Regarding the first—freedom of religion—the problem is that it simply is not a religious question.  Abortion, contraception, and sterilization are no more a religious issues than are murder, rape, and incest.   I fear that to claim an exception on the basis of religious liberty has a long term negative effect on morality in society because it leads people to think that right and wrong is not something that can be known by reason but is just about religious sensibilities.

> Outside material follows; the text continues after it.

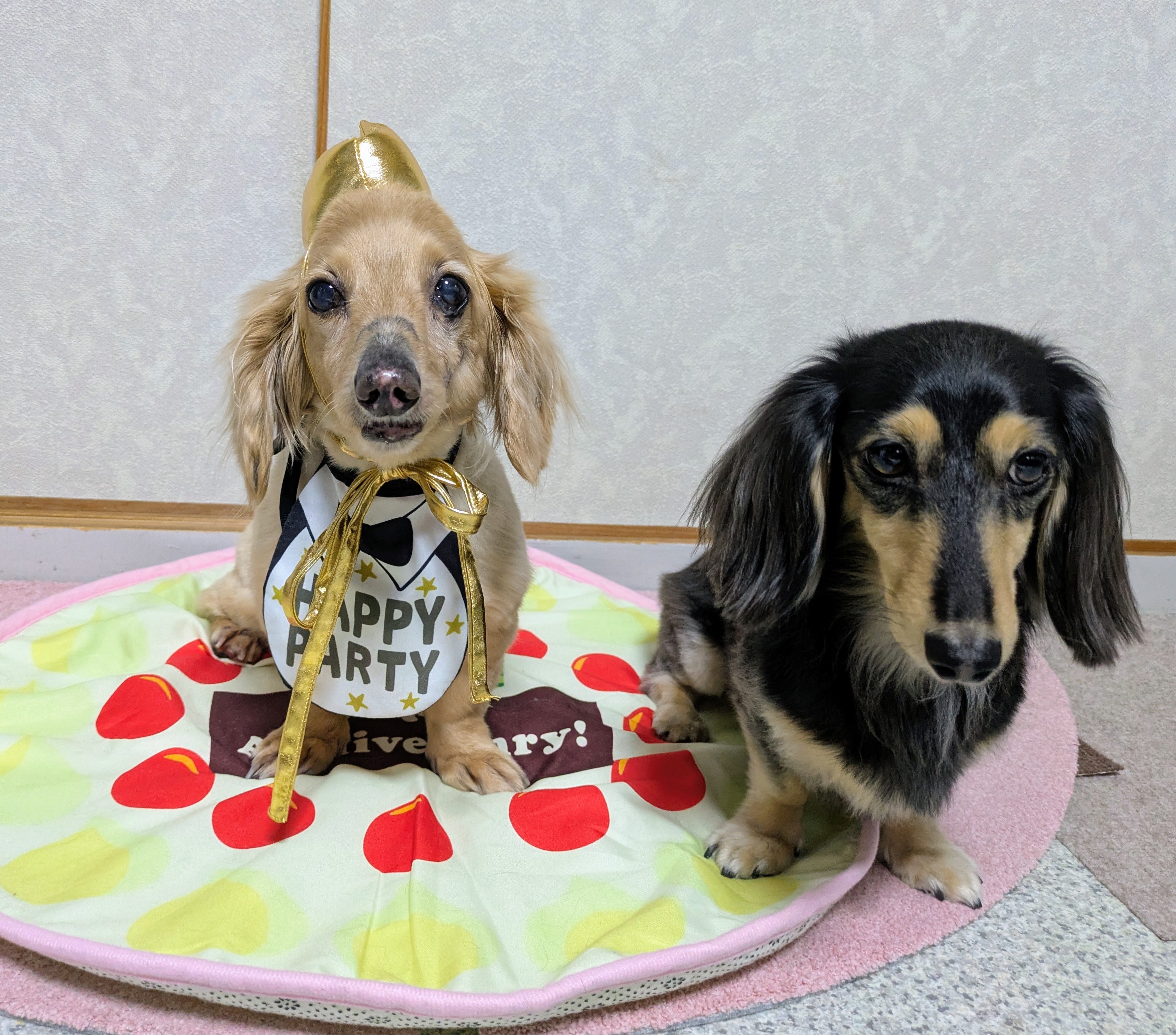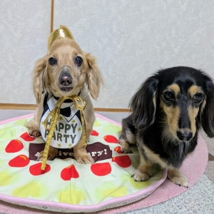 写真のタイトルは「ハッピーバースデー!」で、 ペットのお名前は「チッピー&あんず ちゃん」、この犬の種類は、カニヘンダックスフンドだそうです。

Regarding liberty of conscience, I think this is ultimately conceding ground to relativism.  The fact is that liberty of conscience only exists in indifferent matters.  There can be liberty of conscience about whether the holy day in the week is Friday, Saturday, or Sunday because this cannot be settled by reason alone.  But there can be no liberty of conscience in matters of stealing, raping, or paying reasonable taxes because reason can decide these issues.  Therefore to claim liberty of conscience on the HHS mandate is to place abortion, sterilization, and contraception in the former category of indifferent matters.  But this is just what the relativists claim and what we should deny.

The only benefit I can see about the freedom of conscience argument is that if it is granted by the State it is then, on their side, an implicit admission that one cannot know for sure whether the law is a just one.  After all, when the State is certain about the justice of its laws—laws on theft, and tax, and so on—it does not give exception clauses on the basis of conscience.  Hence, in this way, perhaps a freedom of conscience clause might act as a kind of Trojan horse within the law because it is an admission about the possible injustice of the law that might in time develop into a clearer recognition of its injustice.  However, given what I have said about its relativist undertones, claiming freedom of conscience is a very risky strategy indeed.


William Newton is Associate Professor of Theology and Chair of Faculty at the Franciscan University of Steubenville, Austrian Campus. He is also Visiting Professor at the International Theological Institute in Trumau, near Vienna, and Maryvale Institute, Birmingham U.K. Dr. Newton has published on a range of issues including Catholic social teaching and sexual ethics. Though originally from the U.K., he presently lives in Austria with his wife Claire and their five children.